Software Restriction Policies Examples
• Identify allowed or blocked software. • Allow users to run only specified files on multi-user computers. • Determine who can add trusted publishers. • Apply restrictions to specific users or all users.
This section covers the following 70-410 exam objective:
• Manage starter GPOs • Configure GPO links • Configure multiple local group policies
Multiple local group policies examples
• One Group Policy that affects the computer • One or more Group Policies that affect users To create or edit multiple local Group Policies, you use the Microsoft Management Console (mmc): • Enter mmc at the command line to launch the Microsoft Management Console. • Add the Group Policy Object Editor snap-in from the File menu. By default it will add the Local Computer Group Policy. Select Users to edit Local Group Policy for specific users on the computer. You can save the Group Policy Object Editor console to allow for easy access in the future.
User Policy settings
• Software that should be installed for a specific user. • Scripts that should run at logon or logoff. • Internet Explorer user settings (such as favorites and security settings). • Registry settings that apply to the current user (the HKEY_CURRENT_USER subtree). User policies are initially applied as the user logs on. They often customize Windows based on user preferences.
Computer policies
• Software that should be installed on a specific computer. • Scripts that should run at startup or shutdown. • Password restrictions that must be met for all user accounts. • Network communication security settings. • Registry settings that apply to the computer (the HKEY_LOCAL_MACHINE subtree). Computer policies are initially applied as the computer boots, and are enforced before any user logs on.
Linking group policies
• The Default Domain Controllers Policy is linked to the domain controllers OU by default. • This policy increases security of the domain controllers.

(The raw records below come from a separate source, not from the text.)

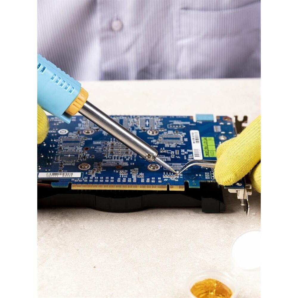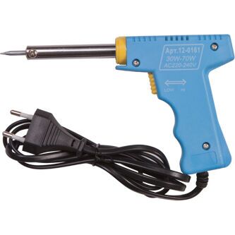 Паяльник импульсный 30-70 Вт предназначен для ручного монтажа радиоэлементов. Он используется для пайки электродеталей в двух мощностных режимах: 30 Вт и 70 Вт. Особенность данного инструмента заключается в том, что максимальная P и ускоренный разогрев активируются нажатием и удержанием курка. Это позволяет оператору сначала установить жало инструмента в определенную точку пайки, а затем нажатием кнопки на корпусе перевести паяльник в максимальный рабочий режим. Паяльник выполнен в форме пистолета с индикатором включения и имеет очень удобную эргономичную рукоятку из ударопрочного пластика. Характеризуется экономичным энергопотреблением. Длина провода: 1,35 м. Удобен для распайки кабелей в шкафах, а также быстрых демонтажных работ.
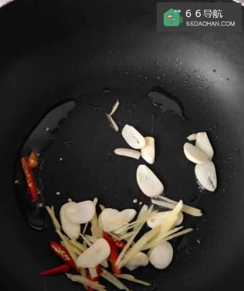 4起锅热油,放入姜丝、蒜片小米椒爆香;
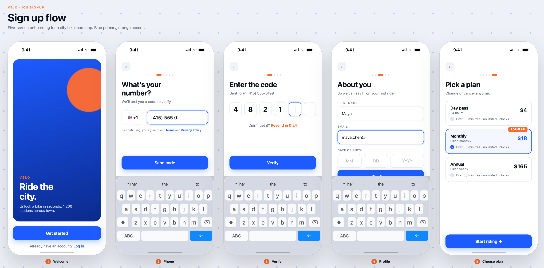 ▲提示词:为一款共享单车应用创建一个简单的 iOS 注册流程。在画布上展示界面。采用蓝橙相间的现代配色方案。
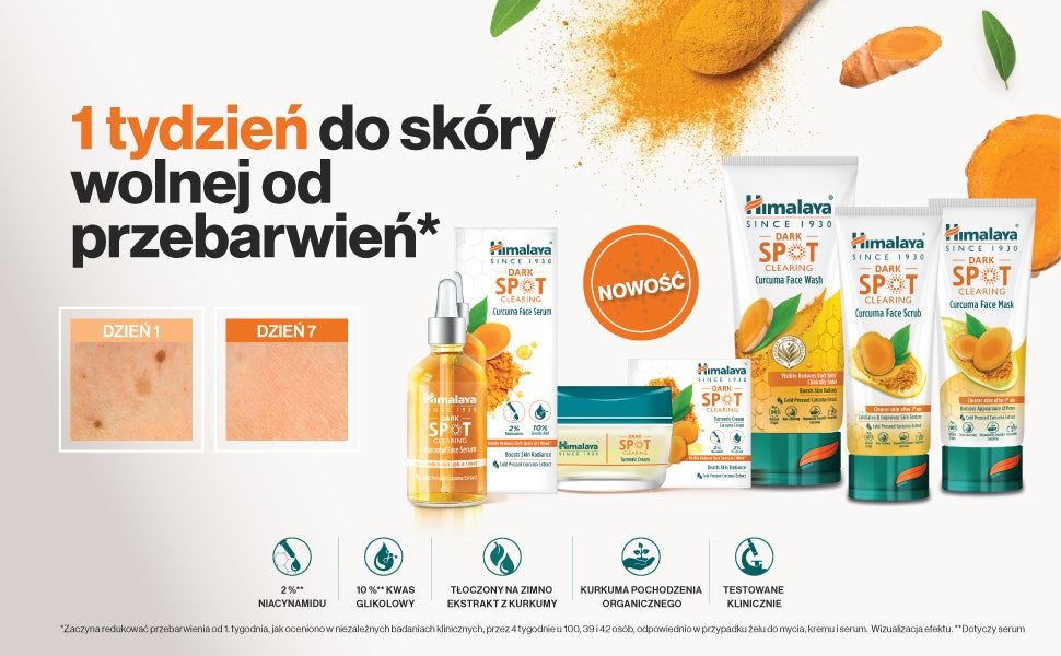 Maseczka do twarzy Himalaya Dark Spot Clearing Curcuma to unikalna formuła wykorzystująca moc tłoczonego na zimno ekstraktu z Kurkumy oraz Lukrecji mające silne silne działanie antyoksydacyjne. Pomagają oczyścić głębokie zanieczyszczenia skóry, rewitalizują matową skórę i pomagają redukować przebarwienia, pozostawiając skórę wyraźnie czystą, świeżą i promienną.

Assigning GPO permissions process
• To apply settings to a user, the user must have the Allow Read and Apply Group Policy permissions. • By default, each GPO grants the Authenticated Users group (basically all network users) the Allow Read and Apply Group Policy permissions. This means that, by default, GPO settings apply to all users. Permissions also control who can edit Group Policy settings and manage the GPO.
Administrative Template Examples
• Use of Windows features such as BitLocker, Offline files, and Parental Controls • Customize the Start menu, taskbar, or desktop environment • Control notifications • Restrict access to Control Panel features • Configure Internet Explorer features and options
Starter Group Policy Objects Examples
• When you create a new GPO from a Starter GPO, the new GPO has all of the Administrative Template policy settings and values that were defined in the Starter GPO. You can easily distribute Starter GPOs by exporting and then importing them to another environment.